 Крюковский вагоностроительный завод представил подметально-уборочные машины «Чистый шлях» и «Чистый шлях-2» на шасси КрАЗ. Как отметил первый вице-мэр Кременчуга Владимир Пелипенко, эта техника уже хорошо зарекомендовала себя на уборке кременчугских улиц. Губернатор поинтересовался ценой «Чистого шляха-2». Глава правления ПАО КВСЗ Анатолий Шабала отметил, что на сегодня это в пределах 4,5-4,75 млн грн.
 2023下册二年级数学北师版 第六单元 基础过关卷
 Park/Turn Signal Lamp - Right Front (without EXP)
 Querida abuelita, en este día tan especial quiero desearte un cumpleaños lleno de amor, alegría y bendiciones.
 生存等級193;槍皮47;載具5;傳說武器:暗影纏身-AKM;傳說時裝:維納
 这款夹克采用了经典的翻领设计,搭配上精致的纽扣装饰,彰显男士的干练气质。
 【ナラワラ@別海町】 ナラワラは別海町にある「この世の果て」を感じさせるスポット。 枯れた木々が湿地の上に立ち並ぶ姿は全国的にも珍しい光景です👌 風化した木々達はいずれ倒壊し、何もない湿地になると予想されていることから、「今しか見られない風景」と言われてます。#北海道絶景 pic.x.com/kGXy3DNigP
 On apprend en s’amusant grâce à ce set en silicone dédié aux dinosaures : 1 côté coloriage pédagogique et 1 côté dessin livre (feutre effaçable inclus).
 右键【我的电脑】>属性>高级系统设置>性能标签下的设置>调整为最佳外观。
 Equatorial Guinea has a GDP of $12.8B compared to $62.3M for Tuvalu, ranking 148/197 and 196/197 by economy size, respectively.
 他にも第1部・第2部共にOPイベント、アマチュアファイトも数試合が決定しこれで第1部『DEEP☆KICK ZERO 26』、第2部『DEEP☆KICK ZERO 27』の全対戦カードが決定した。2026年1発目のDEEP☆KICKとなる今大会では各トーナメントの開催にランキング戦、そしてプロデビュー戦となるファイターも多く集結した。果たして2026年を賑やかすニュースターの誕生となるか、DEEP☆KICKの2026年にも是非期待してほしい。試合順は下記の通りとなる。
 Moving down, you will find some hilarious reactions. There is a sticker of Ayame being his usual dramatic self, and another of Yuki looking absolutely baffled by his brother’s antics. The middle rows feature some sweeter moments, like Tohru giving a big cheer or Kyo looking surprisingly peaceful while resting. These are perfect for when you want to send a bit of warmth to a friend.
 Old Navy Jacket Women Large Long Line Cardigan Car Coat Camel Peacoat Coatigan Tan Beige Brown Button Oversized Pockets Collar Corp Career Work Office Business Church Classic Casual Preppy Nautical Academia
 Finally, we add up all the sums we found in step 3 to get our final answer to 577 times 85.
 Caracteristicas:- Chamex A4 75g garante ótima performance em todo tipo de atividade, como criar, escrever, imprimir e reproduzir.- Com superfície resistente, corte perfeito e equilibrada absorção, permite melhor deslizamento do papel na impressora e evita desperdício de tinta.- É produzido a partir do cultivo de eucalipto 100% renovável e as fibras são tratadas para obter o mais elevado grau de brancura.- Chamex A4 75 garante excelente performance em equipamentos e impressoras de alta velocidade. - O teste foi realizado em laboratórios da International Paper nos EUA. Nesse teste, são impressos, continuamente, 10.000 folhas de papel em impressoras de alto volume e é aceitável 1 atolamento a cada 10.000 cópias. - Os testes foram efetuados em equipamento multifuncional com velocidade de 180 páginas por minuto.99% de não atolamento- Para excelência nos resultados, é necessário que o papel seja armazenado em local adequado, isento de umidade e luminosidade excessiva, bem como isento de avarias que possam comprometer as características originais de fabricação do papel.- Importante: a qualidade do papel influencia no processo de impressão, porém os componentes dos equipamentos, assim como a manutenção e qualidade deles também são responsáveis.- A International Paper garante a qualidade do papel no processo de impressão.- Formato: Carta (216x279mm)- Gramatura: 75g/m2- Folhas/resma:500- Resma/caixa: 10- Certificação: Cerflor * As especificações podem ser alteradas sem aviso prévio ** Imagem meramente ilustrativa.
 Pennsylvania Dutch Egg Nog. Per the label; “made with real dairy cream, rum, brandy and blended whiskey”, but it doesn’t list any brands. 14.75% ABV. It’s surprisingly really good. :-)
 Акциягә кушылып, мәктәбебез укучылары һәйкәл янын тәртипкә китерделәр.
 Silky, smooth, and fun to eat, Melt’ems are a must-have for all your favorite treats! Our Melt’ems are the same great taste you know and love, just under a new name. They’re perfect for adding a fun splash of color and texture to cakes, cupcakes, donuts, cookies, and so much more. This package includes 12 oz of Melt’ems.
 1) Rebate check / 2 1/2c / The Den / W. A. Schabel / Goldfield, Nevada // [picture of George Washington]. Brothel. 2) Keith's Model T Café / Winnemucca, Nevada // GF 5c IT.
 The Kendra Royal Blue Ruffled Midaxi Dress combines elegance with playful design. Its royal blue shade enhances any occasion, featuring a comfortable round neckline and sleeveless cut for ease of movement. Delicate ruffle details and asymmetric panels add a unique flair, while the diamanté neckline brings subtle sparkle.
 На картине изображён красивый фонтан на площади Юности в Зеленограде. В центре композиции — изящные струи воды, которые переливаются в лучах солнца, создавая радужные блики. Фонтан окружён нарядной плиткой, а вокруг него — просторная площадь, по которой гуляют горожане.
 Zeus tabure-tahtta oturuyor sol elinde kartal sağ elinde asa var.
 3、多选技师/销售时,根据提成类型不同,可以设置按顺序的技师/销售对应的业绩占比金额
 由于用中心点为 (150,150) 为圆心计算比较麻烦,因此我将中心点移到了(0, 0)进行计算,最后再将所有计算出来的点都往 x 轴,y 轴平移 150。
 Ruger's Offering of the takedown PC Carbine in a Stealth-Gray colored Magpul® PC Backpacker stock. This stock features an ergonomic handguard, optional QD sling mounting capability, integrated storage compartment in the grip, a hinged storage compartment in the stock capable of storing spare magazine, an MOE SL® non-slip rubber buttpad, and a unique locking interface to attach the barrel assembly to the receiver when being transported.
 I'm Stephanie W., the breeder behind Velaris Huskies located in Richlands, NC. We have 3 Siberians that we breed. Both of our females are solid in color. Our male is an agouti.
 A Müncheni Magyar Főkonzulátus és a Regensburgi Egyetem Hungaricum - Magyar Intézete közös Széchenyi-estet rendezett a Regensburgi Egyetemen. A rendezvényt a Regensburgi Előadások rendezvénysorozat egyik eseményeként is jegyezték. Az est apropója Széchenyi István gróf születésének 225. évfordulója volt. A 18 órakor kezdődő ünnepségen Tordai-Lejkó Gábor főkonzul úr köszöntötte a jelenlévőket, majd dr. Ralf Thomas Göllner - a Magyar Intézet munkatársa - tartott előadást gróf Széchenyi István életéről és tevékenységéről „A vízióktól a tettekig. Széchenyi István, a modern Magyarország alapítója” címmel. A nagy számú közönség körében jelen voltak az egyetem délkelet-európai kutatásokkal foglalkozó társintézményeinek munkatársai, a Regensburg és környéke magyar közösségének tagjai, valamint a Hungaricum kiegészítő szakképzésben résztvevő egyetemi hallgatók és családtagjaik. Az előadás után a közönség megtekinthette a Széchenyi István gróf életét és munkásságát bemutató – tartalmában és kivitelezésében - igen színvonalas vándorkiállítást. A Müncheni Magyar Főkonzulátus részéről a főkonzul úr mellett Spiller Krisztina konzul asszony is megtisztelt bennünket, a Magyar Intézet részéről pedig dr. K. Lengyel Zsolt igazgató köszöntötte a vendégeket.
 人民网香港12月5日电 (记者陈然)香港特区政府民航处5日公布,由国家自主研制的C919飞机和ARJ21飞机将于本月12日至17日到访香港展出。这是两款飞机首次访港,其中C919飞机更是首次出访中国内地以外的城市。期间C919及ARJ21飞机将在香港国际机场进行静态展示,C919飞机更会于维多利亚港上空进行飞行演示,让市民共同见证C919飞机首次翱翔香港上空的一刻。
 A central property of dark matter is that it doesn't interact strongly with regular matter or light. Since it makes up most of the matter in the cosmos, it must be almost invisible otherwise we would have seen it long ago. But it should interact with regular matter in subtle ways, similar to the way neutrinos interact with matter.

YOUR ASSIGNMENT: Which of the lines above include the word "perfect"? List those lines.

THE COMPLETED TASK:
 Moving down, you will find some hilarious reactions. There is a sticker of Ayame being his usual dramatic self, and another of Yuki looking absolutely baffled by his brother’s antics. The middle rows feature some sweeter moments, like Tohru giving a big cheer or Kyo looking surprisingly peaceful while resting. These are perfect for when you want to send a bit of warmth to a friend.
 Silky, smooth, and fun to eat, Melt’ems are a must-have for all your favorite treats! Our Melt’ems are the same great taste you know and love, just under a new name. They’re perfect for adding a fun splash of color and texture to cakes, cupcakes, donuts, cookies, and so much more. This package includes 12 oz of Melt’ems.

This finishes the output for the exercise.